Clockwise from top: Pearly Pink, Fox Cherry and Supersweet 100

I love to grow cherry tomatoes.  But they would perplex me every year.  Within minutes of picking them, I would have half a basket of split tomatoes.

So when the old timer up the road ordered me to get up to his house to test his homemade wine, I made a mental note to pick his brain about the tomato tumult.

In between sips of what I can only describe as a cross between grape juice and gasoline, I asked him about the splitting tomatoes.

“Well, how do you pick the damn things?” he asked with a purple-tinted sneer.

I gave him a confused look and said, “I pull them off the vine?”

“You’re cherry tomatoes are splitting because you’re an a**hole.  You need to cut them off the vine and leave a little bit of the stem,” he snipped back at me.  “You’ll ain’t get none of those splitted-up tomatoes if you do it the right way.”

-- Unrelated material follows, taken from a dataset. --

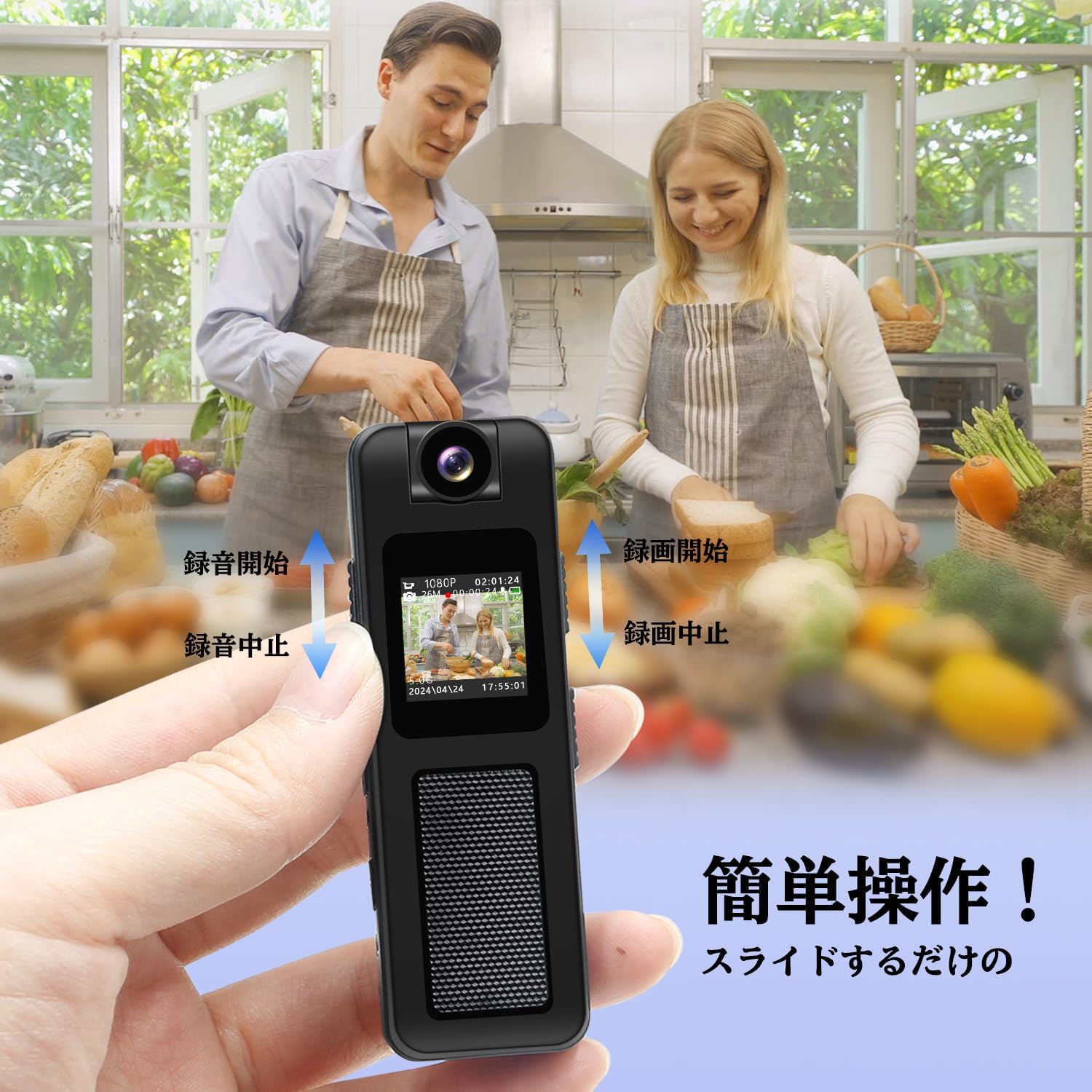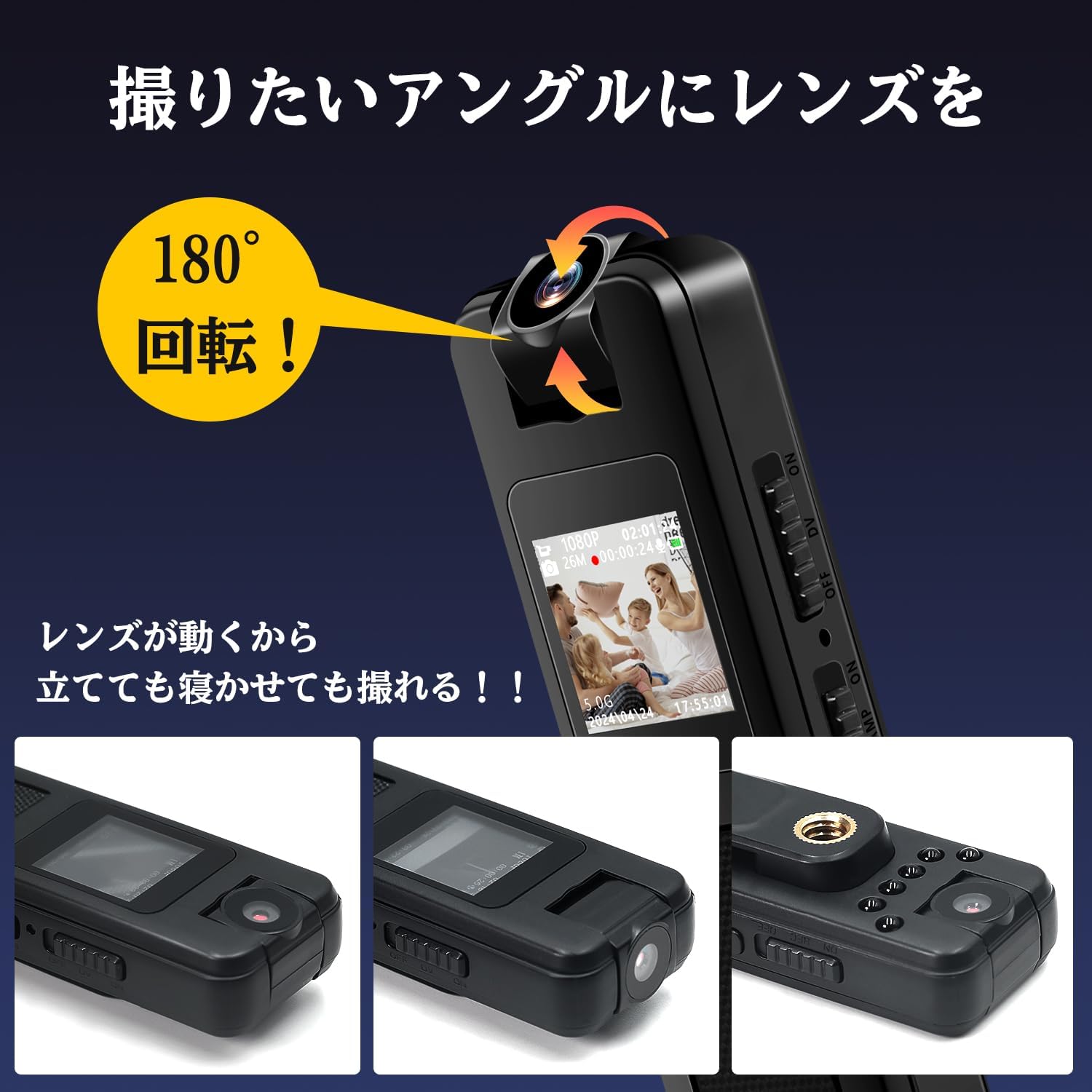 1.2インチモニター付き 1080P画質 180度回転レンズ

“Thank goodness the mason jar of gasoline wine that he drank softened up his demeanor a little bit,” I grumbled in my head.

“Take this home to your husband,” he ordered me, shoving a milk jug full of “wine” into my hands.

I trotted home and picked a basket full of cherry tomatoes, just like he told me to and not one of them split!  Mystery solved.  I’ll have to thank him for the advice, but I don’t have the heart to tell him I stopped and dumped out his “cabernet” on the side of the road.